Лаура! Само имя подобно звуку первой капли дождя, которая падает, разбивается и отдает свою сладкую прохладу иссушенной пустыне. Оно подобно весеннему деревенскому воздуху после зловонных миазмов уборной. Оно подобно свету воскресения после мрачного разложения смерти. Оно подобно всему этому и многому другому. И если уже одно имя таково, то какова реальность, им обозначаемая, я оставлю вашему воображению. Я говорю «реальности», потому что госпожа Лаура стала для меня единственным реальным человеческим существом кроме меня, среди жестокого кошмара теней и химер. Госпожа Лаура Франческа Беатриче де Коллини. Я пишу, и рука моя дрожит.
Я расскажу, как впервые встретился со своим архангелом.

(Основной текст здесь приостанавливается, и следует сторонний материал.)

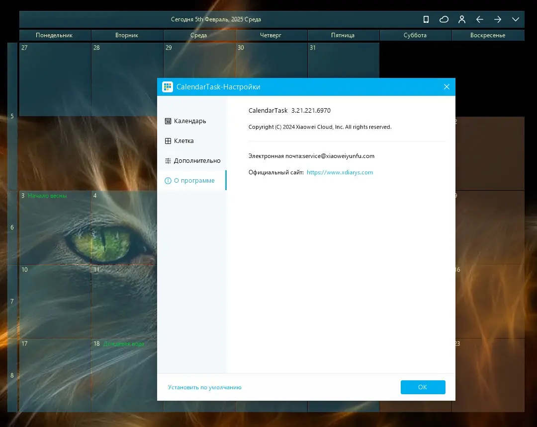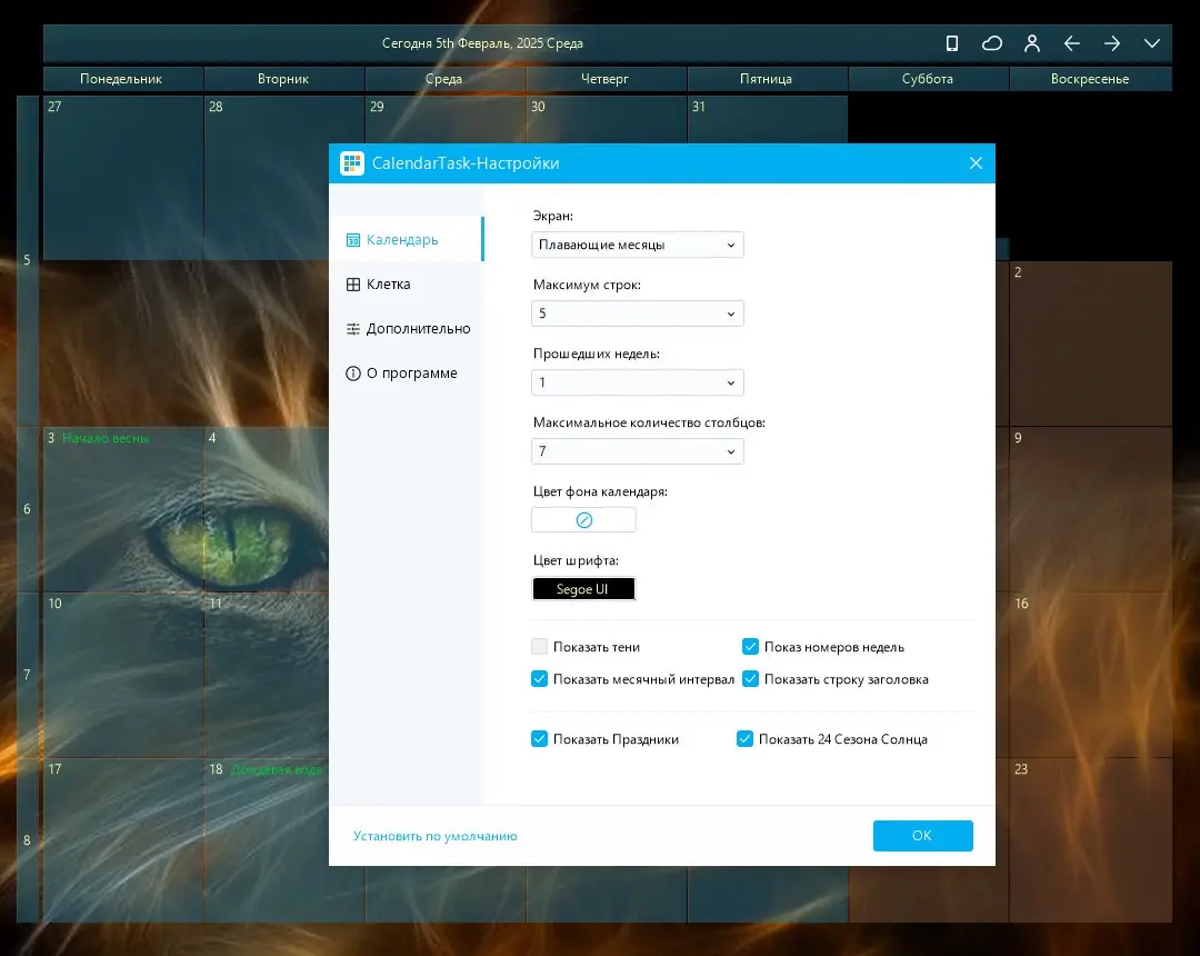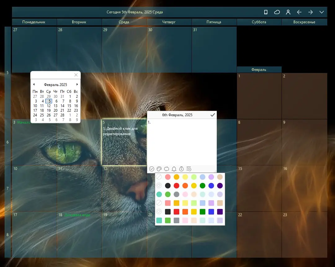 Desktop Calendar — это бесплатное приложение для операционной системы Windows, которое превращает обычный календарь в полноценный инструмент планирования. Программа сочетает в себе функции органайзера, позволяя отслеживать события, вести заметки и управлять списком дел прямо с рабочего стола.

Я взял себе в привычку прохладными вечерами, пока моя мать, без сомнения, где-нибудь у стены в темном переулке развлекалась с каким-нибудь пьяным похабником, заходить в церковь Санта-Мария-ин-Трастевере. Я ходил туда не молиться, так как не унаследовал от матери ни крупицы набожности и не чувствовал склонности развивать ее в себе самостоятельно. Я ходил туда, чтобы сидеть и смотреть на то, что красиво. Тайное слияние со всем тем, чем до этого я был обделен: со спокойствием, тишиной, красотой. Я вглядывался в мозаику наверху апсиды, и мне вдруг начинало казаться, что душа моя поднимается и сливается с изображением: то, что изображала мозаика, меня не интересовало, меня завораживало только ее совершенство, захватывало и на короткое время освобождало.

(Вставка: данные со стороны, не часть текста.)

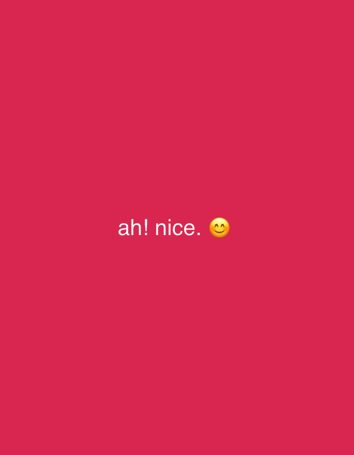 The scene, observed in Erba, Italy, consists of a solid, uniform magenta-red background. Centrally positioned within this background is white, sans-serif text forming the phrase "ah! nice." Immediately to the right of this text is a standard yellow smiling face emoji, depicted with upturned eyes and a closed mouth smile. No individuals, physical objects, or environmental details beyond the colored field and embedded text/emoji are present. No actions or interactions are depicted; the scene is static.

Когда я сидел в волшебном сумраке церкви, я всегда притягивал к себе беззастенчивые и любопытные взгляды – людям было непонятно, уродливый ли я ребенок или убогий старик. Так что, когда я почувствовал нежное прикосновение к своему узловатому плечу, я решил, что кто-то наконец набрался нахальства спросить, кто же я такой. Я обернулся, готовый огрызнуться, но вместо наглых любопытных глаз или похотливого рта я увидел самую красивую девушку, какую только видел за свою недолгую жизнь. Она была живым воплощением непринужденности и утонченной нежной красоты мозаики. Бледное спокойное лицо юной мадонны обрамляли волосы, тонкие, как золотая пряжа. Рассеянный свет, проникавший сквозь открытые двери церкви, образовывал вокруг ее головки золотисто-зеленоватый нимб. Она была ослепительным, умопомрачительным видением.
– Как тебя зовут?
– Джузеппе, – проговорил я. – Сокращенно Пеппе.
– Меня зовут Лаура. Сколько тебе лет, Пеппе?
– Почти тринадцать. Я считал.
Она улыбнулась:
– Это хорошо. Я бы очень хотела поговорить с тобой, Пеппе. Можно?
– О чем?
– Может быть, после того как помолишься…
– Я не молюсь. Я просто сижу в темноте и тишине.